- SUPPLIED RECORDS

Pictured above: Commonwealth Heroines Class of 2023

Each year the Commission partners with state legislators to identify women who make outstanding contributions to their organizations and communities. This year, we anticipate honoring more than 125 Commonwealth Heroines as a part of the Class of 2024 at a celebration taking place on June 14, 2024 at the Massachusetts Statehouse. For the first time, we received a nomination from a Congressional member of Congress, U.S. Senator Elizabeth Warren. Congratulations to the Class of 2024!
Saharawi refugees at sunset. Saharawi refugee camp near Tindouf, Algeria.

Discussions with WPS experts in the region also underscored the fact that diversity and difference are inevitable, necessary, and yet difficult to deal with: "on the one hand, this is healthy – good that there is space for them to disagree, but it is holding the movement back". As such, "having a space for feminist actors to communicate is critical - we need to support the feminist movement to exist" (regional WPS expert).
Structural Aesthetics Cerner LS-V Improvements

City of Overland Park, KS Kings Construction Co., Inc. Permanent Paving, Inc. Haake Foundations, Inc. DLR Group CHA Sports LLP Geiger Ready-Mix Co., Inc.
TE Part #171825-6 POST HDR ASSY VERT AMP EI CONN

- WORK INSTRUCTION
Reproduce every record above exactly as it is written.

- SOLUTION FOR THIS TASK
Pictured above: Commonwealth Heroines Class of 2023

Each year the Commission partners with state legislators to identify women who make outstanding contributions to their organizations and communities. This year, we anticipate honoring more than 125 Commonwealth Heroines as a part of the Class of 2024 at a celebration taking place on June 14, 2024 at the Massachusetts Statehouse. For the first time, we received a nomination from a Congressional member of Congress, U.S. Senator Elizabeth Warren. Congratulations to the Class of 2024!
Saharawi refugees at sunset. Saharawi refugee camp near Tindouf, Algeria.

Discussions with WPS experts in the region also underscored the fact that diversity and difference are inevitable, necessary, and yet difficult to deal with: "on the one hand, this is healthy – good that there is space for them to disagree, but it is holding the movement back". As such, "having a space for feminist actors to communicate is critical - we need to support the feminist movement to exist" (regional WPS expert).
Structural Aesthetics Cerner LS-V Improvements

City of Overland Park, KS Kings Construction Co., Inc. Permanent Paving, Inc. Haake Foundations, Inc. DLR Group CHA Sports LLP Geiger Ready-Mix Co., Inc.
TE Part #171825-6 POST HDR ASSY VERT AMP EI CONN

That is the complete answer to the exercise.